[REQUIREMENT]: Each line in the records below, from the one that contains "Вечерний свет отбрасывает" to the one that contains "Um tapete de", should be reproduced exactly, the first and last included.

[EXERCISE INPUTS]:
*** Begin section ***
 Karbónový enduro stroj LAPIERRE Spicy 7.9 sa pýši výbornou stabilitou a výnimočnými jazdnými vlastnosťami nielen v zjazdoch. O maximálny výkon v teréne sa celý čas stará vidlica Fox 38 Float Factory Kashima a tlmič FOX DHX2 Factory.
*** End section ***
*** Begin section ***
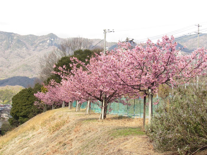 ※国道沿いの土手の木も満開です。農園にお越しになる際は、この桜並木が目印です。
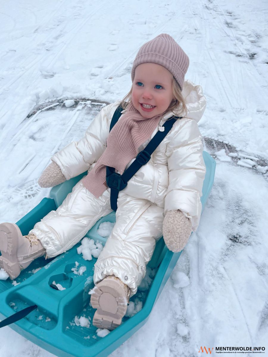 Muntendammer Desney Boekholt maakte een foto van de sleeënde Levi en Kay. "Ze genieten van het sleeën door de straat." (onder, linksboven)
*** End section ***
*** Begin section ***
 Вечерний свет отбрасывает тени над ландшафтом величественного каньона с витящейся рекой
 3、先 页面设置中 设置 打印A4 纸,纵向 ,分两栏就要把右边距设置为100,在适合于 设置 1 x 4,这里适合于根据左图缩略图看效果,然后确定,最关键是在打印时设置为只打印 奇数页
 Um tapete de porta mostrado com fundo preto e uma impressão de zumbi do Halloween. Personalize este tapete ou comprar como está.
*** End section ***
[RESPONSE AREA]:
 Вечерний свет отбрасывает тени над ландшафтом величественного каньона с витящейся рекой
 3、先 页面设置中 设置 打印A4 纸,纵向 ,分两栏就要把右边距设置为100,在适合于 设置 1 x 4,这里适合于根据左图缩略图看效果,然后确定,最关键是在打印时设置为只打印 奇数页
 Um tapete de porta mostrado com fundo preto e uma impressão de zumbi do Halloween. Personalize este tapete ou comprar como está.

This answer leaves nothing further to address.